§ **Task to carry out**: The entries below need to be transcribed exactly, without their images.
*** Begin section ***
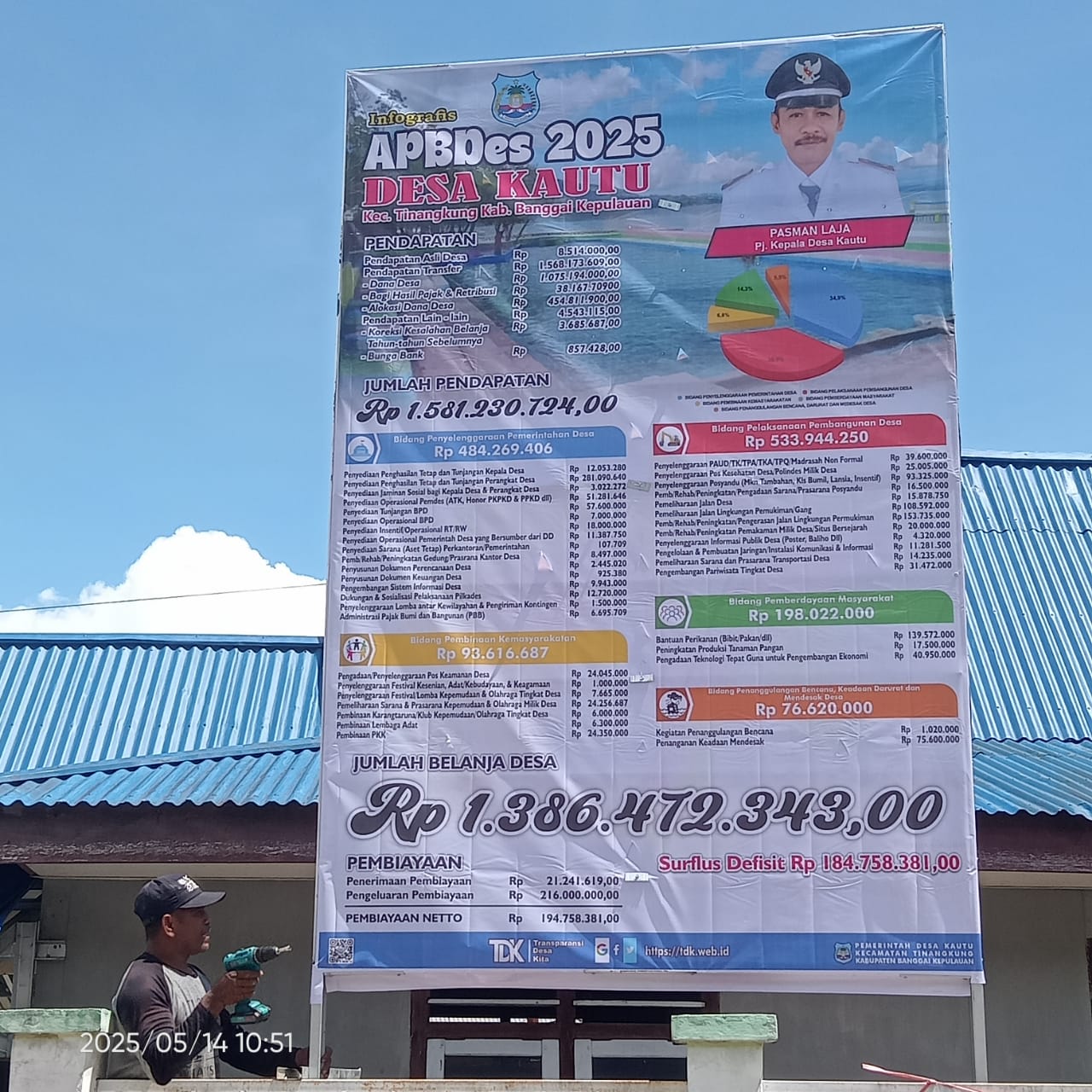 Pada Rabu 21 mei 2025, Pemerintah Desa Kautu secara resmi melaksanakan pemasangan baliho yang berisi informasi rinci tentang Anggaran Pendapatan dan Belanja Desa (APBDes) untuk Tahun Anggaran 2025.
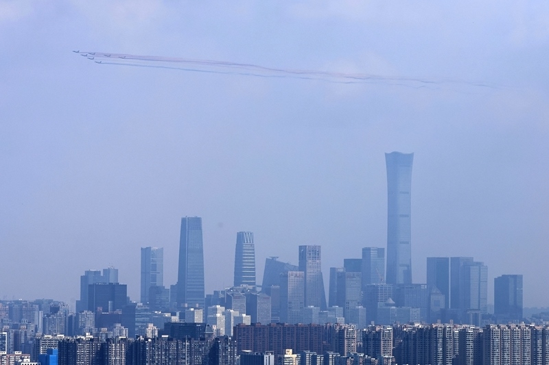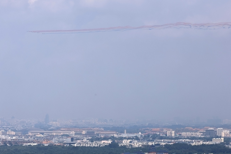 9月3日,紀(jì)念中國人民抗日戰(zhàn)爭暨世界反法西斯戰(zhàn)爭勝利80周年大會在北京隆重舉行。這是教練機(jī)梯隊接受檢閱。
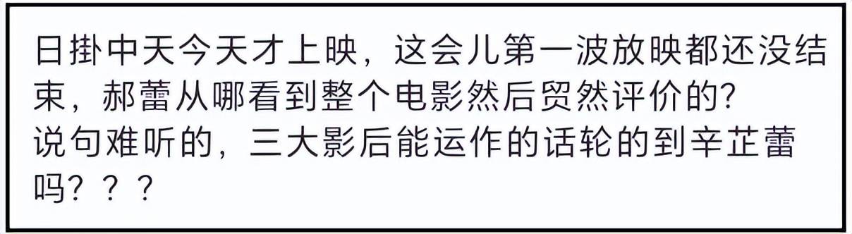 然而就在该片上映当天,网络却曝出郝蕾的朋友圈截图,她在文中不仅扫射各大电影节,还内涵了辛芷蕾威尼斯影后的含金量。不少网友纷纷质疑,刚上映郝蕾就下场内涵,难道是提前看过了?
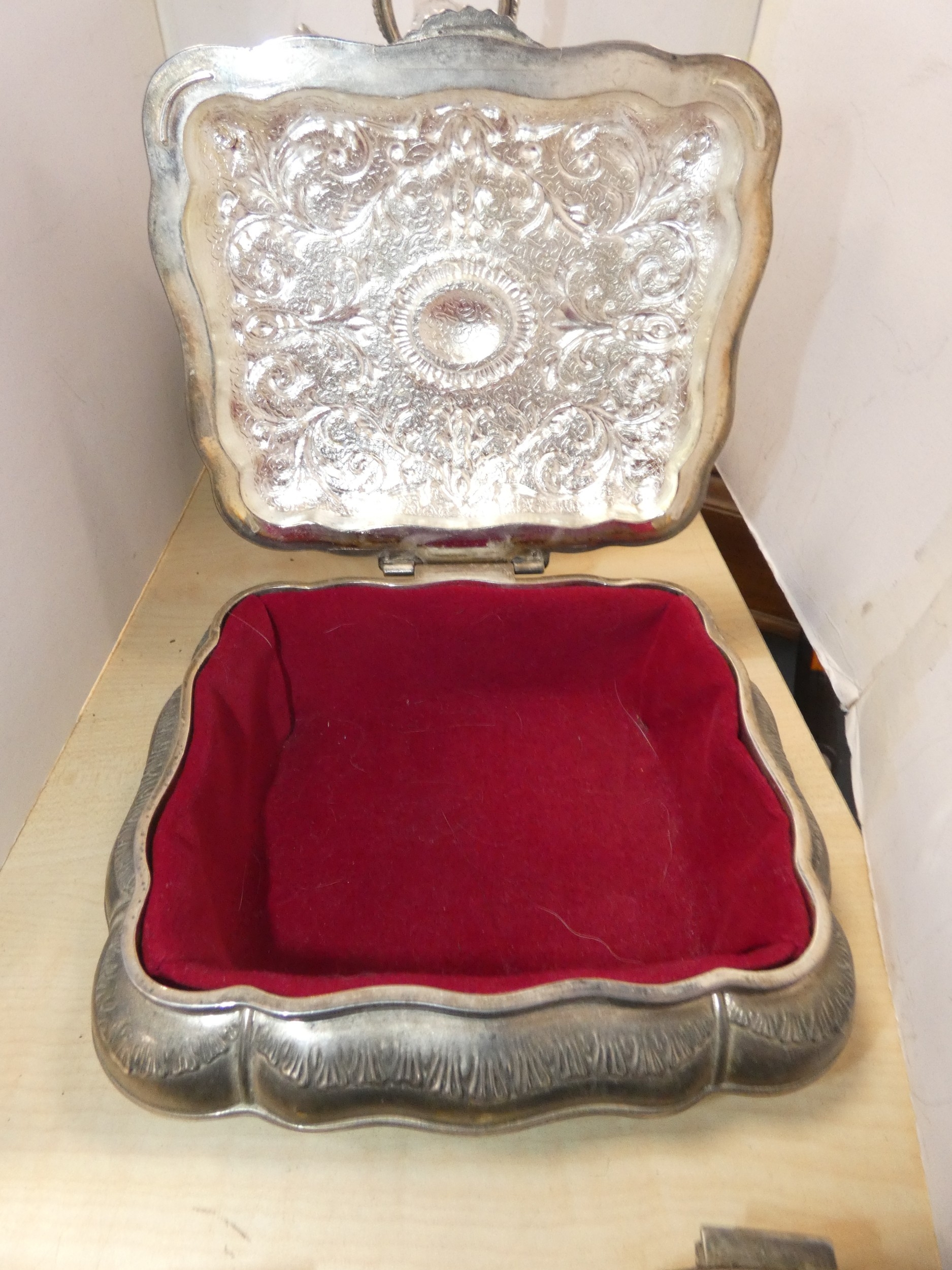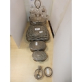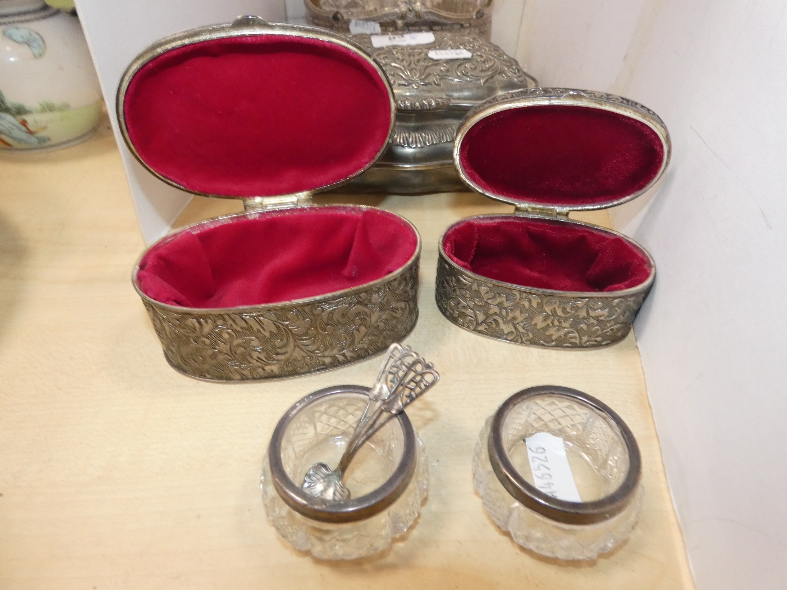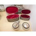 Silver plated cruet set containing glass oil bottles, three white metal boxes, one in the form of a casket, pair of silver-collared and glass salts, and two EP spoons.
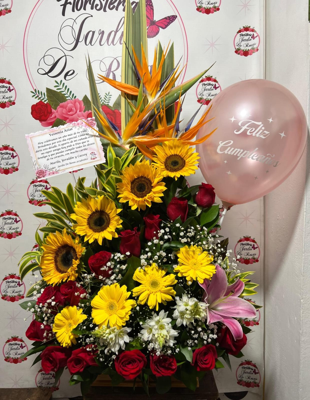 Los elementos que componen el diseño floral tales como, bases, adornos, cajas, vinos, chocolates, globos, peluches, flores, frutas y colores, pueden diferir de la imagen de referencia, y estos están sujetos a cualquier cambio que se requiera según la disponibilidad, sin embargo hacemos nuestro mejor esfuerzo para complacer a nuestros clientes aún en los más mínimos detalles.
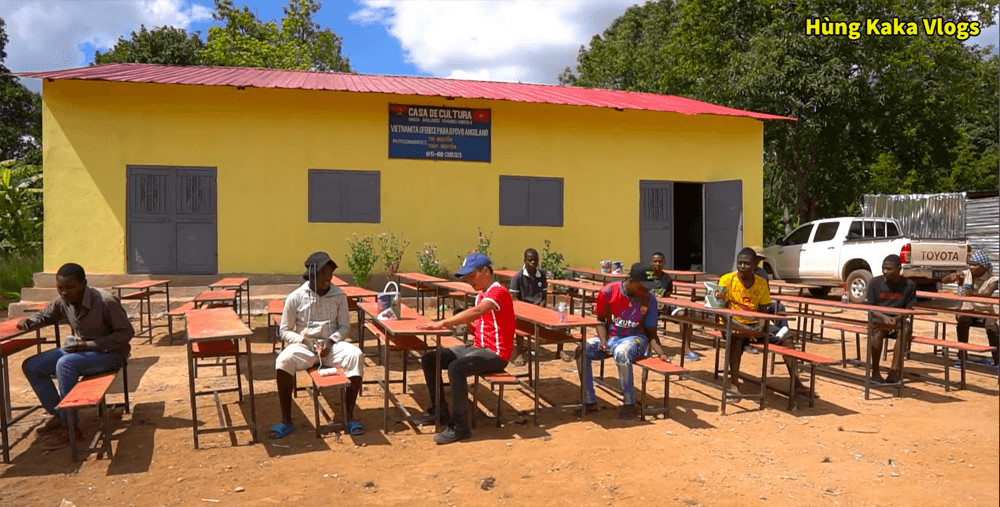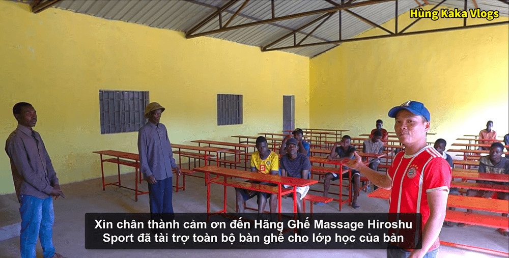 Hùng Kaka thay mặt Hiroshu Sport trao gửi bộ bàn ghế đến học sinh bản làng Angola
*** End section ***
§ **Exercise output**:
 Pada Rabu 21 mei 2025, Pemerintah Desa Kautu secara resmi melaksanakan pemasangan baliho yang berisi informasi rinci tentang Anggaran Pendapatan dan Belanja Desa (APBDes) untuk Tahun Anggaran 2025.
 9月3日,紀(jì)念中國人民抗日戰(zhàn)爭暨世界反法西斯戰(zhàn)爭勝利80周年大會在北京隆重舉行。這是教練機(jī)梯隊接受檢閱。
 然而就在该片上映当天,网络却曝出郝蕾的朋友圈截图,她在文中不仅扫射各大电影节,还内涵了辛芷蕾威尼斯影后的含金量。不少网友纷纷质疑,刚上映郝蕾就下场内涵,难道是提前看过了?
 Silver plated cruet set containing glass oil bottles, three white metal boxes, one in the form of a casket, pair of silver-collared and glass salts, and two EP spoons.
 Los elementos que componen el diseño floral tales como, bases, adornos, cajas, vinos, chocolates, globos, peluches, flores, frutas y colores, pueden diferir de la imagen de referencia, y estos están sujetos a cualquier cambio que se requiera según la disponibilidad, sin embargo hacemos nuestro mejor esfuerzo para complacer a nuestros clientes aún en los más mínimos detalles.
 Hùng Kaka thay mặt Hiroshu Sport trao gửi bộ bàn ghế đến học sinh bản làng Angola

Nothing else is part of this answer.